Santa Hildegarda de Bingen fue una mujer extraordinaria que vivió en el siglo XII y que dejó una huella imborrable en la historia de la Iglesia y de la cultura.
Fue una abadesa benedictina, visionaria mística, escritora prolífica, compositora musical, filósofa, científica, naturalista, médica, líder monacal y reformadora eclesial. Fue canonizada por el Papa Benedicto XVI en 2012 y proclamada Doctora de la Iglesia; es decir, maestra de la fe para todos los cristianos.
Su vida y su obra nos pueden inspirar y enseñar en el siglo XXI de muchas maneras. Aquí destacamos algunos aspectos que nos pueden ayudar a apreciar su figura y su mensaje:
Amor a Dios y a la creación
Santa Hildegarda tuvo, desde niña, unas visiones que le revelaban el misterio de Dios y de su obra creadora. Ella plasmó estas visiones en sus libros, en los que describe con un lenguaje simbólico y poético la relación entre Dios, el hombre y el mundo.
Para ella, toda la creación es un reflejo de la sabiduría y la bondad de Dios, y el hombre tiene la responsabilidad de cuidarla y respetarla. En un tiempo de crisis ecológica como el nuestro, su visión nos invita a redescubrir la belleza y la armonía de la naturaleza y a vivir en comunión con ella.

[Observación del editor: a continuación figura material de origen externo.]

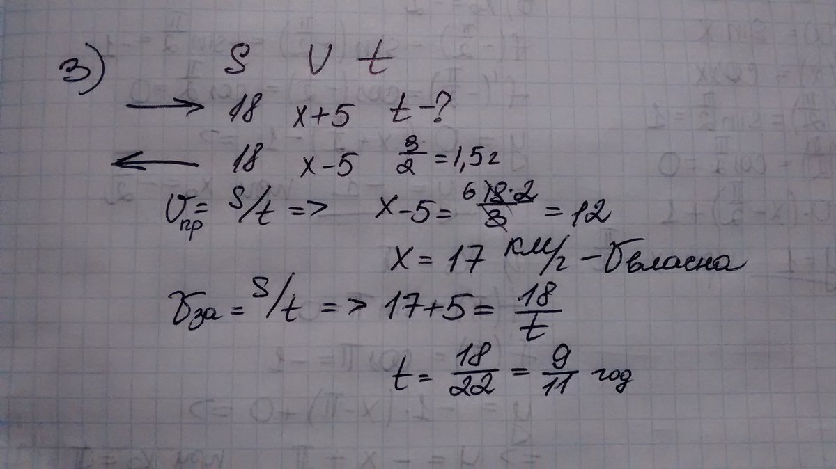 3)За 1.5 год. моторний човен проходить проти течії відстань 18км. За який час він пройде зворотний шлях, якщо швидкість течії 5км/год.
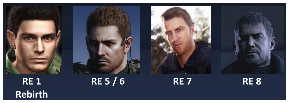 Il est quand même aberrant de voir que dans ses Resident Evil, Capcom change si souvent le design de ses héros... contre il est à nouveau inadmissible que Chris Redfield ait ENCORE (!) changé de gueule et de physique ! Souvenez-vous, en début de carrière l'ami Redfield ressemblait à un minet japonais typique, propre sur lui et sympa. Jusqu'au jour où Capcom à péter un câble et nous a livré dans RE5 un buffle sous stéroïdes qui visiblement n'avait pas besoin d'armes à feu, tant le musclor du BSAA aurait pu défaire ses ennemis à grand coup de patates ! Mais soit, on a fini par l'accepter jusqu'au jour où on l'a revu à la fin de Resident Evil 7 et que visiblement il fut passé au déshydrateur alimentaire tant on a eu bien du mal à reconnaitre "la crevette" qu'on avait sous les yeux. Et là, d'un épisode à l'autre, il change à nouveau de gueule et même de physique...
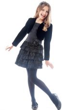 A distinctive feature of the bolero is also the fact that not being an obligatory element of the wardrobe both an adult woman and a girl, its presence makes it easy to transform a casual outfit into a festive one. Put on a plain thick plain dress a contrasting elegant bolero, put on nice shoes and braid the original braids - you will see how the image of a young fashionista will radically change.
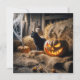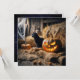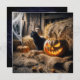 Eine schwarze Katze sitzt neben einem glühenden, geschnitzten Kürbis mit einem unheimlichen Gesicht, das eine unheimliche Atmosphäre schafft. Alle Texte können geändert werden.
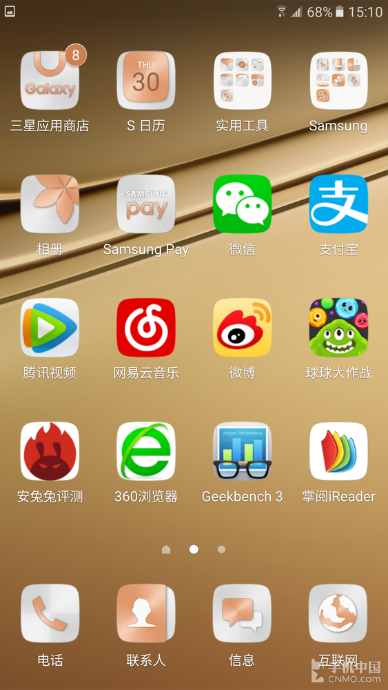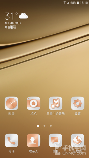 三星Galaxy C7拥有枫叶金、蔷薇粉、皎洁银和烟雨灰四种配色,我手里的是枫叶金,三星为每一种配色都专门设计了UI来搭配。下图中,典雅的金色机身和主打粉金色(我也不知道怎么叫,反正就是粉里透着金)的图标界面,取得了十分协调的视觉性。
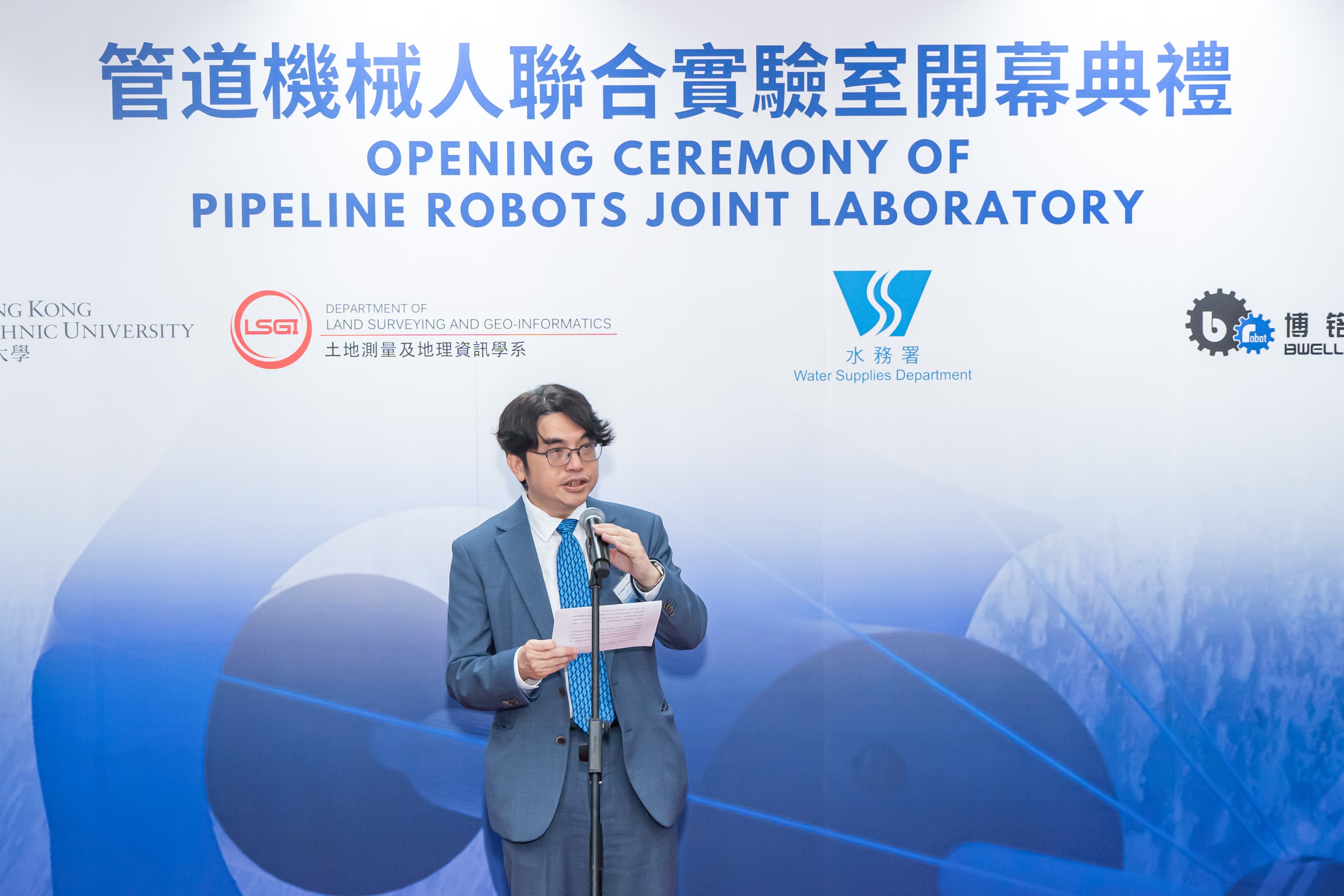 水務署署長黃恩諾在典禮致辭時表示,水務署一直致力與不同機構合作,研發和應用先進科技以推動香港智慧水務發展,並積極探索創新的方法,以提升供水管道檢測的技術和效率。水務署期望透過管道機械人聯合實驗室加速開發能應用在不同管道情況的智能機械人,進行高精準度的檢查,藉此減低水管爆裂和滲漏的風險,甚至有望監測水質狀況。

Pasión por el conocimiento y la cultura
Ella fue una mujer autodidacta que se interesó por todos los campos del saber de su época. Estudió las Sagradas Escrituras, Teología, Filosofía, Historia, Astronomía, Medicina, Botánica, Zoología, Mineralogía y Música.
Escribió nueve libros, más de 300 cartas, 77 canciones y una obra dramática. Fue una de las primeras mujeres que escribió sobre ciencia y medicina, y que inventó un lenguaje propio, la lingua ignota.

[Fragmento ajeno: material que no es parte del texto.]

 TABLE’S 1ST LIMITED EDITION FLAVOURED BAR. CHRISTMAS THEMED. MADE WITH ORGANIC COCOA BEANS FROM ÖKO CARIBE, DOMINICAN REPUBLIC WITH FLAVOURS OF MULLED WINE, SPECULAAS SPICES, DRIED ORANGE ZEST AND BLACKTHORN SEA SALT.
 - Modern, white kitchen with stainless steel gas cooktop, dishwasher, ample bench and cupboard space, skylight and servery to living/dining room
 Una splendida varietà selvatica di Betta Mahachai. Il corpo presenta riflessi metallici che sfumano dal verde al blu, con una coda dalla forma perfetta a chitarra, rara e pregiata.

Su obra nos muestra su curiosidad intelectual, capacidad de síntesis, originalidad y creatividad. En un tiempo de globalización y de pluralismo cultural como el nuestro, su ejemplo nos anima a cultivar el amor por el estudio, el diálogo, la innovación y la expresión artística.
Compromiso con la Iglesia y con la sociedad
Santa Hildegarda fue una mujer de acción que no se conformó con vivir recluida en su monasterio, sino que salió al encuentro de las necesidades de su tiempo. Fundó dos monasterios femeninos independientes, donde formó a sus hermanas en la vida espiritual y en el trabajo manual. Predicó en público, algo inusual para una mujer de su época, y denunció los abusos y las corrupciones que afectaban a la Iglesia y a la sociedad. Mantuvo una intensa correspondencia con papas, obispos, reyes, emperadores, nobles, clérigos y laicos, a los que aconsejó, exhortó y consoló.
Su testimonio nos impulsa a ser testigos de nuestra fe, a participar activamente en la vida de la Iglesia y a contribuir al bien común de la sociedad.